You are right from a business point of view about the ROI (Return Of Investment), even thou i did not get $686,585 as you did, i did get something around 400k. Depending on the number of workdays, and the price i can expect been paid. It is still a good investment if calculating 300kg per day. But im a bargain kind of guy. I take pleasure in not paying a cent more than i have to 

Your next point is important and exactly the same way im thinking, will i be able to feed this thing 300kg per day? No, probably not in the beginning. 

Im looking around if there is a cheaper system and also a smaller one. Im also thinking of checking the price of making one myself.

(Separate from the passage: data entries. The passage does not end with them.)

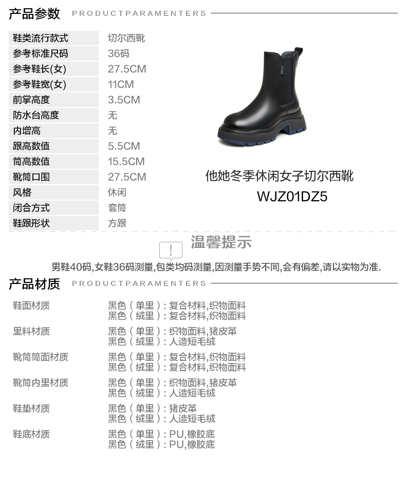 | 配跟:无 | 靴筒口围:27.5CM | 上市时间:2025年冬季 | 鞋类流行款式:切尔西靴 | 鞋头款式:圆头 |
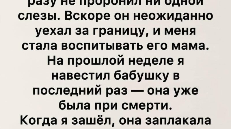 Когда я вошёл в её комнату, она открыла глаза, посмотрела на меня и неожиданно заплакала. Слёзы текли по её щекам, и в этот момент я понял — сейчас я услышу то, что она хранила столько лет. Она прошептала:
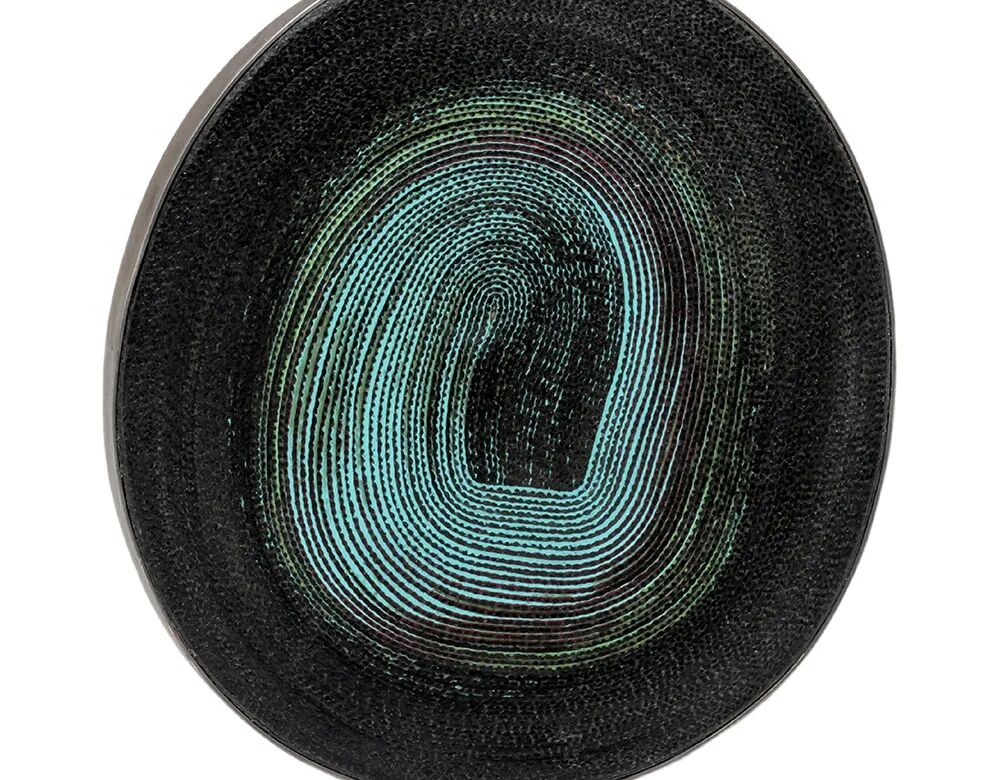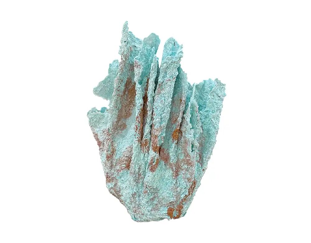 这件聚拢一处的华美绿松石容器扩展了篮形结构的极限,并借鉴了美国本土的传统。来自亚利桑那州索诺兰沙漠的现成材料,包括熊草、丝兰、野花、杂酚油、铜、火山岩和龙舌兰被混合成纸浆,并垂挂在石料上,创造出富有表现力的形状,它传达着来自诞生地的世代教诲和记忆。

To see if its worth the trouble. 

I have begun the design now but i am a little unsure about the math of the electrolysis. As i understand the voltage should be around 1v, to get rid of lots of gas around the cathode? And to be able to run a cell that can produce 1kg per hour you need around 840A.

In my own design i have a cell where the anodes are 1300x1000x5 mm (width, depth, thick) and i need to figure out how much it will produce if i have a tank like this with 11 anodes and 10 cathodes and X amperes @ 1V. 

When i drew it i thought of this as a small system. But when i added ut the weight for all anodes and cathodes (steel) and also the liquid...man it gets heavy! And i did the calculation based on water only and not the real electrolyte. 60kg each for the anodes and 10kg each for the cathodes.


Is there a reason that the electrolyte is pumped around the tank continuously? Perhaps to avoid fast contamination?
Do you know a good source for the math behind this? I need to learn how to calculate to get this right. And also not come off like a complete noob when talking to equipment manufacturers. 
How about heat in this kind of cell. Do i need to worry about it? 
Do the electrolyte in this cell need to be a certain temperature?

Sorry, many questions at the end here 

[EDIT]
The electrolysis cell that i quoted here, i told you guys it was producing 300kg per day. That is not correct. It produces 100kg per day. Sorry about this.
[/EDIT]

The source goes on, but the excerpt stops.